I am leaving a senior position in a company that carried out many projects - should I delete my work emails? Or should I leave them there for the incoming person. There would not be anything personal in these emails, but still I feel it is very voyeuristic to leave them there.....

Any ideas?

Many thanks.

Killter
 
As they are part of your work for that company, then surely you should leave them as they may be needed? Imo whatver is contained within has been work paid for by the company.
 
Personally I would delete them.

I agree there is something a bit creepy about other people reading your e-mails (without your direct permission).

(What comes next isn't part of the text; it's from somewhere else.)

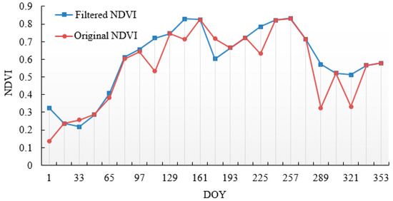The MODIS–NDVI data were derived from the synthetic data using the maximum-value composite method, which reduces the noise caused by cloud and aerosol effects. Other noises and inaccurate phenology were eliminated by a Savizky–Golay (S–G) filter [78], which could clearly describe minor changes in the study area despite complex crop types and broken plots [68]. A locally adapted moving window was adopted in the S–G filtering. The moving window utilizes polynomial least-squares regression to fit the time-series data. A double-cropping rice pixel of the MODIS–NDVI time series filtered by S–G is shown in Figure 4. Additionally, the root mean square error (RMSE) between the original NDVI and the filtered NDVI of the study area was calculated. The small RMSE (<0.15) means that the NDVI time series fitted by the S–G filter had good performance.

Be aware deleting them in Outlook is not necessarily the same as deleting them off the mail server. I can elaborate on this if necessary.
 
I wouldn't delete them. They're the property of the company.
 
I would ckeck your employment contract.

Most employers now put in a clause relating to electronically stored information being the property of the company and must be returned on leaving.
 
Yup - I'd concur with Cally - I believe even my notepads with years of scribbles and doodles from various meetings are company property.
 
Any time I've changed jobs, I've always left work emails in situ (I delete any personal emails including any private internal emails with e.g. personel dept etc.) and give someone the password for the email account. Dont see any issue with people reading them as they are work related.
 
cheers lads....nothing in the contract regarding property of the company etc. I think I'll compromise by deleting some folders and not others.

thanks lads.

Killter
 
Find out if the company has an archiving or retention policy. If it's not personal stuff, I wouldn't be inclined to delete it. Somebody else in the organisation already has a copy of the email, so it's not like they have state secrets in them. It's just work.
 
+1 find out the company policy.

You could archive it, password protect it and then wait and see if anyone asks you for it.

I keep my work and personally emails entirely separate.